Work order:
Give again, character for character, the lines that lie between the first line of the material and the line with "If you're looking", inclusive. Omit pictures.

-------- Provided material --------

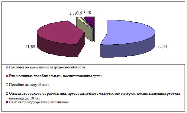 Рисунок 2.3 – Структура расходов за счет средств Фонда социальной защиты населения ОАО «ГОМЕЛЬХИМТОРГ» за 2010 год Источник: Собственная разработка. Рисунок составлен по данным Приложения Р.
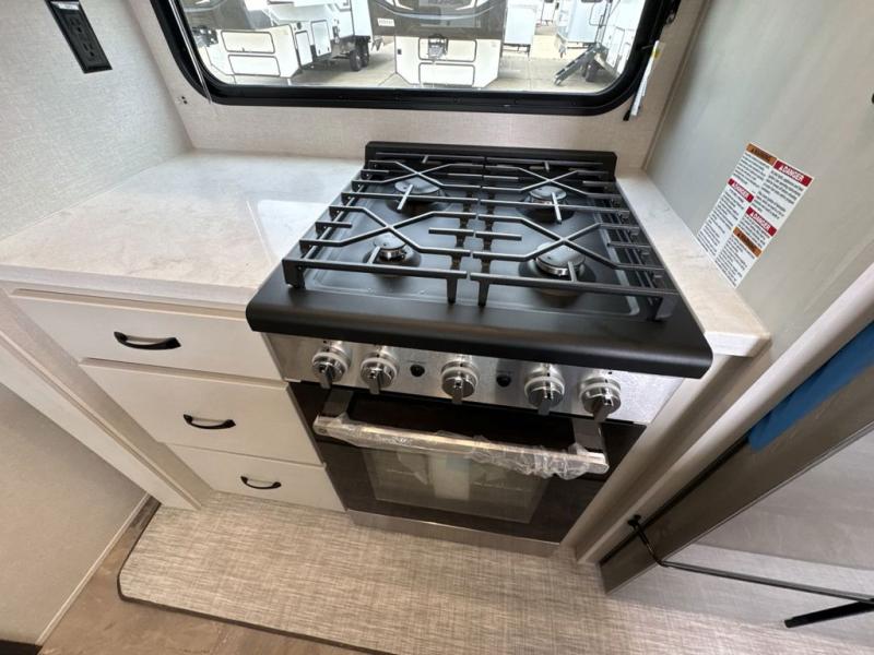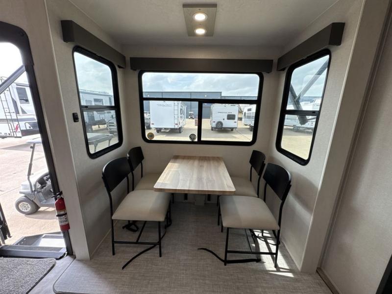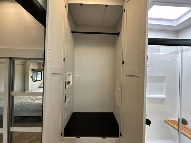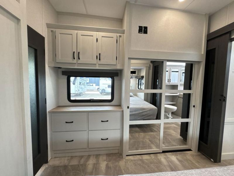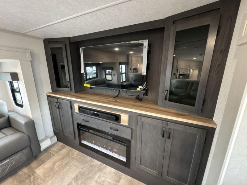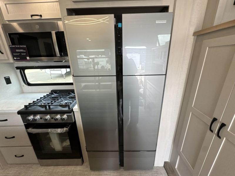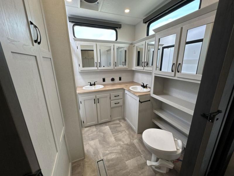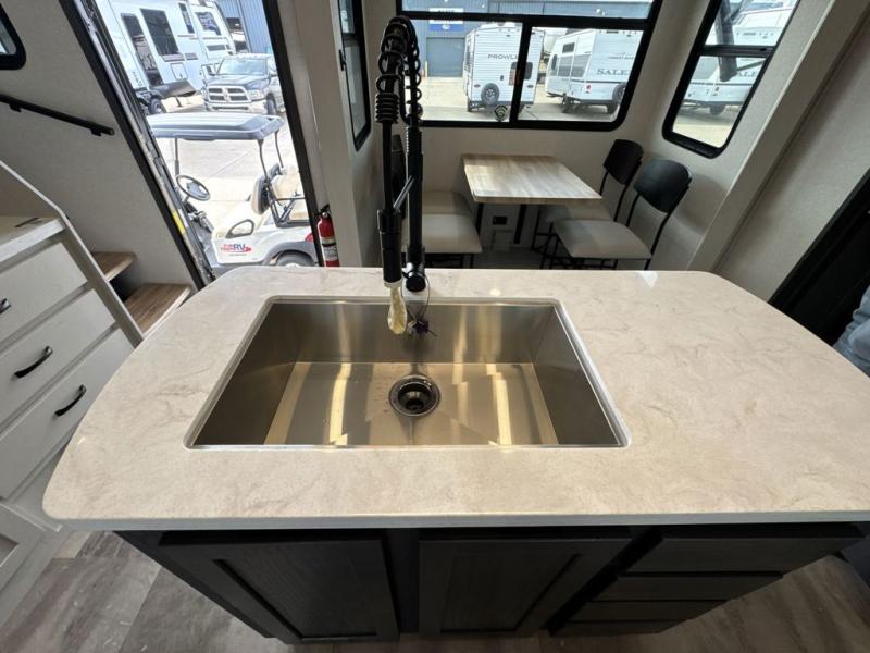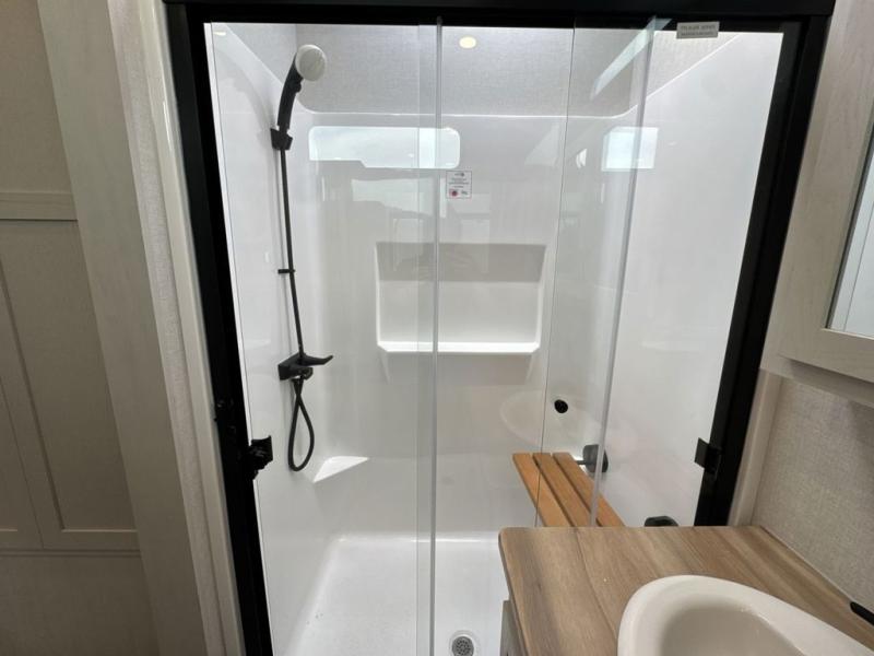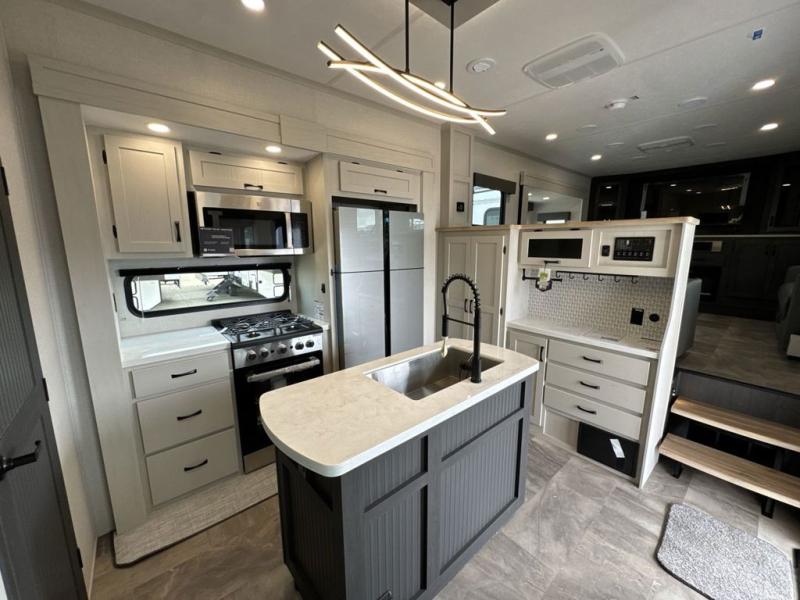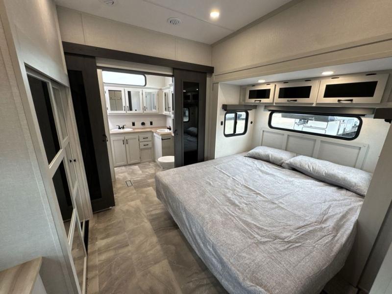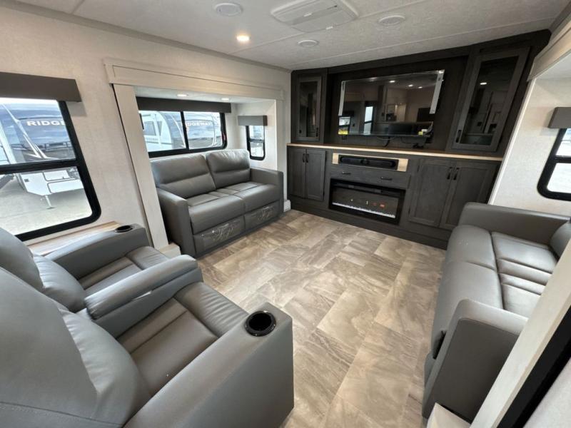 If you're looking for a luxury fifth wheel with more space and a larger sleeping capacity, you've found it! There are an impressive five slides, including dual opposing slides in the front living area and kitchen so you can really stretch out. Everyone will love to gather in the front living area on the two tri-fold sofas and theatre seating, and this room can become your guests' bedroom at night. The little ones will love to play a game at the free-standing table while the chef cooks dinner on the residential cooktop with a stainless steel oven. You'll also find a pantry here for dry goods and a 12V refrigerator for perishables. The feature that really stands out in this model is the master suite, take a look! A king bed slide and you'll have a dresser and a wardrobe for your clothes, plus access to the full bathroom. The spacious full rear bath includes a large shower with a seat, a large dual sink vanity, and a wardrobe with washer and dryer prep. And we didn't even mention the outside refrigerator that will be perfect for cold drinks under the 14' power awning!
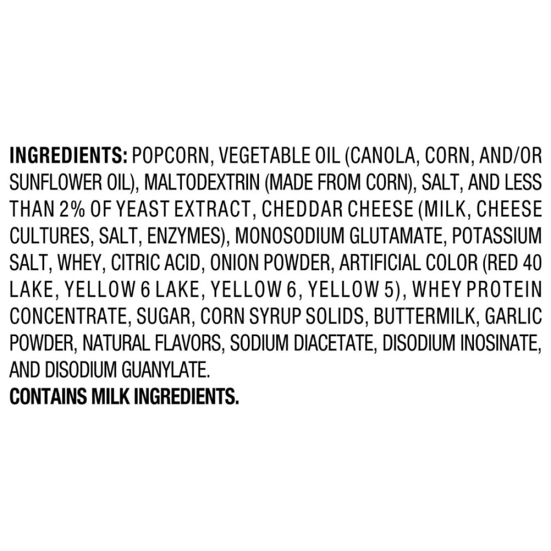 ingredients : فشار، زيت نباتي (الذرة، كانولا و/أو زيت عباد الشمس)، توابل فلامين’ هوت (مالتوديكسترين (مصنوع من الذرة)، ملح، مستخلص الخميرة، جبن شيدر (حليب، مستنبتات الجبن، ملح، إنزيمات)، جلوتامات أحادي الصوديوم، زيت عباد الشمس، مصل اللبن، كلوريد البوتاسيوم، حمض الستريك، لون صناعي (أحمر 40 بحيرة، أصفر 6 بحيرة، أصفر 6، أصفر 5)، مسحوق البصل، سكر، تركيز بروتين مصل اللبن، مواد سكرية من شراب الذرة، كريمة حامضية، مسحوق الثوم، نكهات طبيعية، أسيتات الصوديوم، فوسفات إينوسينات ثنائي الصوديوم، وفوسفات غوانيلات ثنائي الصوديوم).
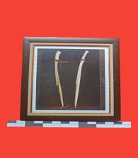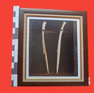 Foto 2 keris berbentuk pedang menghadap kebawah dengan cabang di bagian badan keris. foto menggunakan lis putih,bingkai berwarna kuning keemasan bagian dalam, putih abu bagian tengan dan coklat kehitaman pada bagian luar
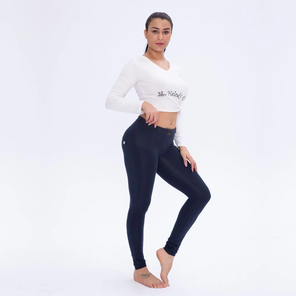 Knitted Mid Rise Skinny Push Up Pants Navy Blue
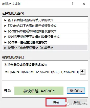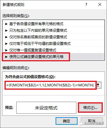 5. 在弹出的对话框中选择“使用公式确定要设置格式的单元格”--> 输入以下公式 --> 点击“格式”按钮:
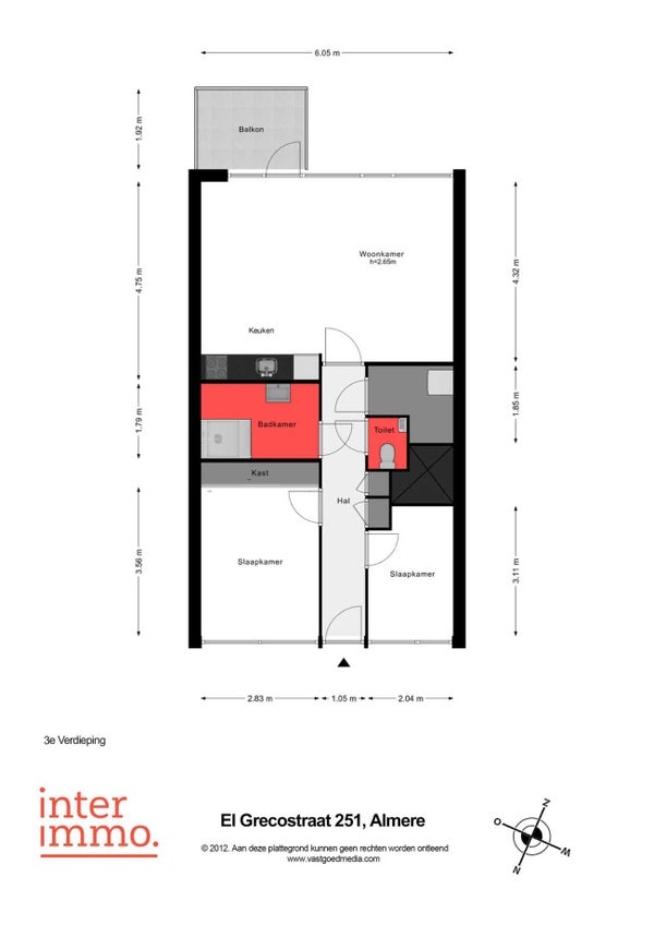 - De galerijflat heeft een woonoppervlakte van 64 m² en beschikt over 3 kamers, waarvan 2 slaapkamers;
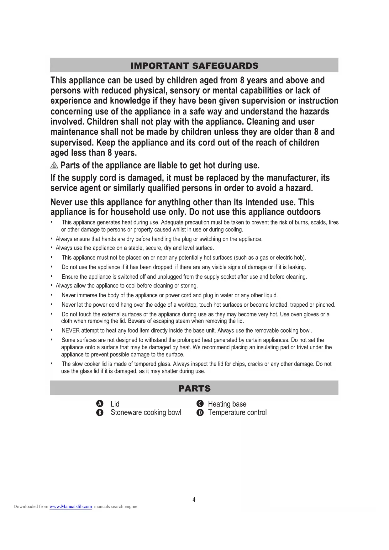 Downloaded from www.Manualslib.com manuals search engine4 IMPORTANT SAFEGUARDS This appliance can be used by children aged from 8 years and above and persons with reduced physical, sensory or mental capabilities or lack of experience and knowledge if they have been given supervision or instruction concerning use of the appliance in a safe way and understand the hazards involved. Children shall not play with the appliance. Cleaning and user maintenance shall not be made by children unless they are older than 8 and supervised. Keep the appliance and its cord out of the reach of children aged less than 8 years. Parts of the appliance are liable to get hot during use. If the supply cord is damaged, it must be replaced by the manufacturer, its service agent or similarly qualified persons in order to avoid a hazard. Never use this appliance for anything other than its intended use. This appliance is for household use only. Do not use this appliance outdoors
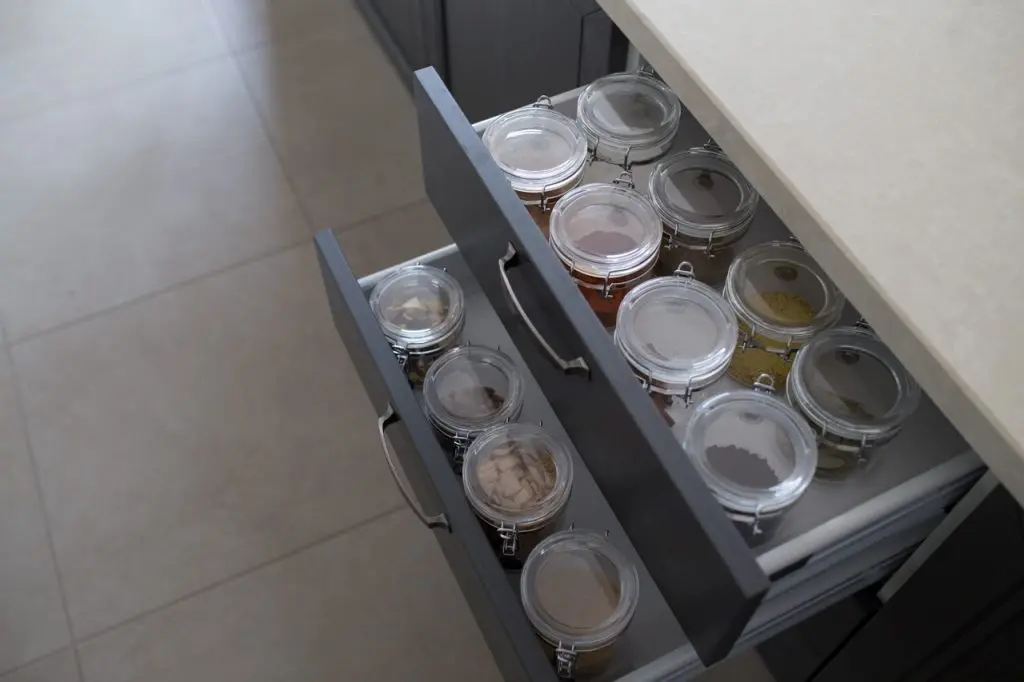 Si in ce priveste depozitarea putem fi la fel de creativi. Recipiente metalice, de sticla combinate cu lemn sau recipiente transparente pentru paste sau zahar, seturi pentru condimente, iata doar cateva idei prin care putem reda o nota distinsa unui aspect atat de banal precum depozitarea.

--------

Solution to this exercise:
 Рисунок 2.3 – Структура расходов за счет средств Фонда социальной защиты населения ОАО «ГОМЕЛЬХИМТОРГ» за 2010 год Источник: Собственная разработка. Рисунок составлен по данным Приложения Р.
 If you're looking for a luxury fifth wheel with more space and a larger sleeping capacity, you've found it! There are an impressive five slides, including dual opposing slides in the front living area and kitchen so you can really stretch out. Everyone will love to gather in the front living area on the two tri-fold sofas and theatre seating, and this room can become your guests' bedroom at night. The little ones will love to play a game at the free-standing table while the chef cooks dinner on the residential cooktop with a stainless steel oven. You'll also find a pantry here for dry goods and a 12V refrigerator for perishables. The feature that really stands out in this model is the master suite, take a look! A king bed slide and you'll have a dresser and a wardrobe for your clothes, plus access to the full bathroom. The spacious full rear bath includes a large shower with a seat, a large dual sink vanity, and a wardrobe with washer and dryer prep. And we didn't even mention the outside refrigerator that will be perfect for cold drinks under the 14' power awning!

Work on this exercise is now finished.